Monitoring of laboratory parameters
During drug treatment Ascophen-Arpi should monitor pattern of peripheral blood and liver function.
You must inform the doctor if the patient simultaneously takes Ascophen -Arpi with other medicines.
Symptoms in mild poisoning – nausea, vomiting, gastralgia, dizziness, ringing in the ears; severe intoxication – abdominal pain (may be one of the first indicators of liver damage), confusion, drowsiness, collapse, seizures, bronchospasm, shortness of breath, anuria, bleeding. Initially, the central hyperventilation leads to respiratory alkalosis (shortness of breath, dyspnea, cyanosis, perspiration). As the intoxication progressive paralysis and respiratory uncoupling of oxidative phosphorylation causes respiratory acidosis. The toxicity is directly proportional to the concentration of active ingredients in the blood plasma. Symptoms of poisoning may even occur after several days.

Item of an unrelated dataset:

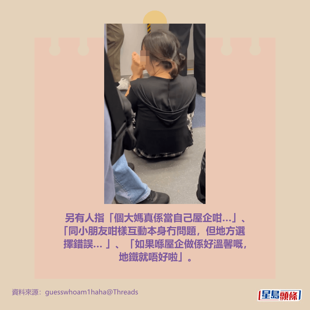 網民回應時也批評孖辮婦人的自私做法,力斥「的確好黐線!只係諗到我遇到呢啲情況可以點做!睇嚟都只能夠行開」、「個大媽真係當自己屋企咁…」、「同小朋友咁樣互動本身冇問題,但地方選擇錯誤… 」、「如果喺屋企做係好溫馨嘅,地鐵就唔好啦」。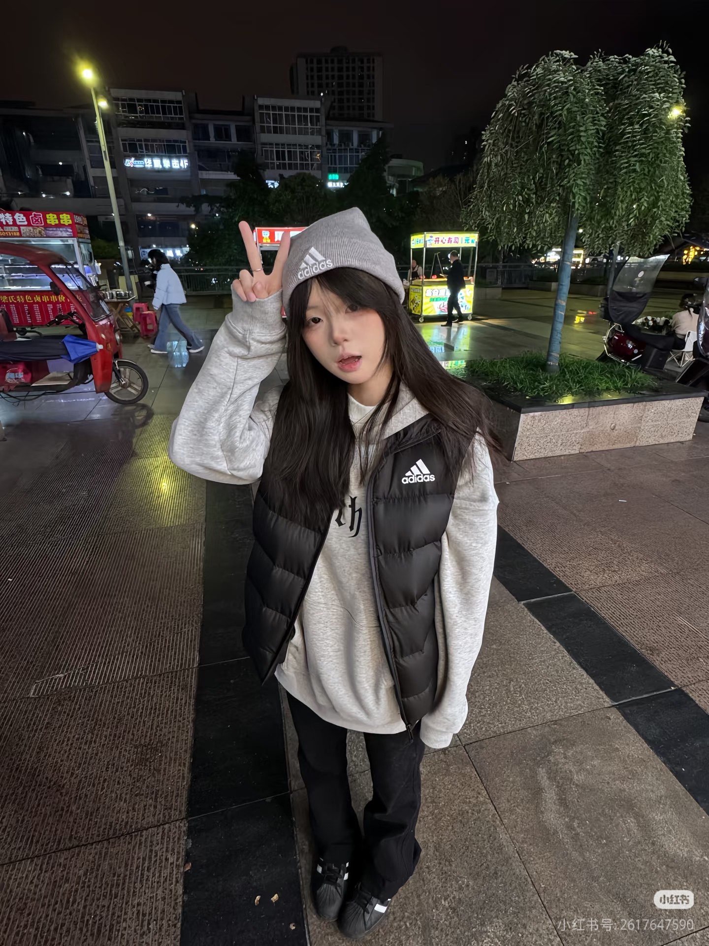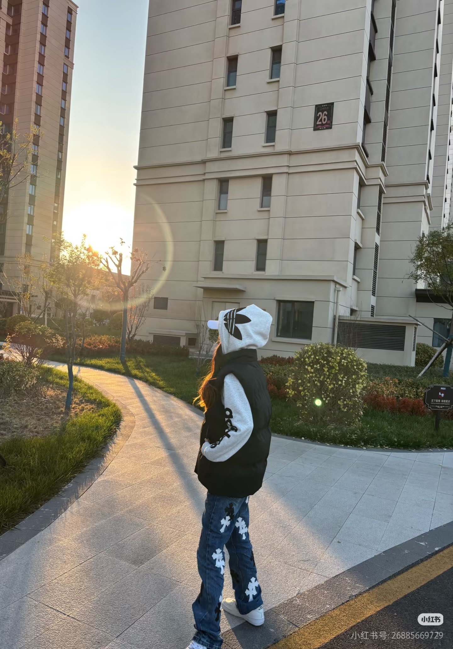叠穿卫衣很有层次感 百搭的黑灰拼色轻松不费力

Treatment: gastric lavage followed by the appointment of activated charcoal; if necessary, symptomatic therapy. Perhaps hemodialysis. When paracetamol poisoning antidote is applied as its N-acetylcysteine, which is more effective if it is used in the first 8 hours after taking of high doses of paracetamol. Depending on the state of metabolism requires the introduction of sodium bicarbonate, sodium citrate or sodium lactate. Increasing reserve alkalinity increases the excretion of acetylsalicylic acid by alkalinization of urine.

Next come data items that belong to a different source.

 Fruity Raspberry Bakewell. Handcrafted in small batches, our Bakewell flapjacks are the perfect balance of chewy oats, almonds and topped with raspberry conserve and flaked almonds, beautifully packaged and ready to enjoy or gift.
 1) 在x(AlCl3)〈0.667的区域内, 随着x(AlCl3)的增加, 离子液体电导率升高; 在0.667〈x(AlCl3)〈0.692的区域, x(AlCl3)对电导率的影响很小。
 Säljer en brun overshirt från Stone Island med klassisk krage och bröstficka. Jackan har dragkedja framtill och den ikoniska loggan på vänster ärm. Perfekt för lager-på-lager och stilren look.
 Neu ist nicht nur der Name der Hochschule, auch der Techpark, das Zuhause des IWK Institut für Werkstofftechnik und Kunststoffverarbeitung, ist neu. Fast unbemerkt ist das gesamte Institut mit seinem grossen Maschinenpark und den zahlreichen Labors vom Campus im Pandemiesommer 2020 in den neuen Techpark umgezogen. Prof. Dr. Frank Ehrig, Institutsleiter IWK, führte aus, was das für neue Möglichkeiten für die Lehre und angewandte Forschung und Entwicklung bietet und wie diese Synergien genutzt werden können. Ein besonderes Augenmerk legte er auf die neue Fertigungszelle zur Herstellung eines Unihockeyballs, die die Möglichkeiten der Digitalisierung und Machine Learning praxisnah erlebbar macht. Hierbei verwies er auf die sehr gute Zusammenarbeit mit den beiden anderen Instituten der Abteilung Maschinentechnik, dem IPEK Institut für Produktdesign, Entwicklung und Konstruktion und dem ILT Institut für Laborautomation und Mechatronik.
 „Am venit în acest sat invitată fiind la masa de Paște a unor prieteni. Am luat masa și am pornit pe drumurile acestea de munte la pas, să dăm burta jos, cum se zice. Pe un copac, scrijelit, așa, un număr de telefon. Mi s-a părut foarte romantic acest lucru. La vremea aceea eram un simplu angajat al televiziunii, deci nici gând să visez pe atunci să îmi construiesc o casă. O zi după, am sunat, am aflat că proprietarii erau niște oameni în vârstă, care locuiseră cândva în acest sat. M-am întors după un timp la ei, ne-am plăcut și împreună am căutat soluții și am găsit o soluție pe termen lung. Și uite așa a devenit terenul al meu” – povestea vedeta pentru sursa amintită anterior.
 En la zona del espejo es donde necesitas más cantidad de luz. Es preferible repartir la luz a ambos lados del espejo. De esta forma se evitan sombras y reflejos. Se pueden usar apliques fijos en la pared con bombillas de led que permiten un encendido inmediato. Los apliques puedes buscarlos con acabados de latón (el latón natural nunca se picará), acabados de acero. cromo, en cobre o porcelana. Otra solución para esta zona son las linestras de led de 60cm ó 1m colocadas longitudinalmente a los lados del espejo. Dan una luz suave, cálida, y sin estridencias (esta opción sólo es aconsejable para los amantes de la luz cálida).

White or off white scored cylindrical tablets, the end surface of which are flat; with a specific to acetylsalicylic acid odour.
10 tablets are packed into PVC-Aluminum blister packet and aluminum foil printed patent.
2 years. Do not use after the expiration date.
To be dispensed without prescription.
Store at a room temperature (15-250C), in a dry place, out of the reach of children. Protect from light.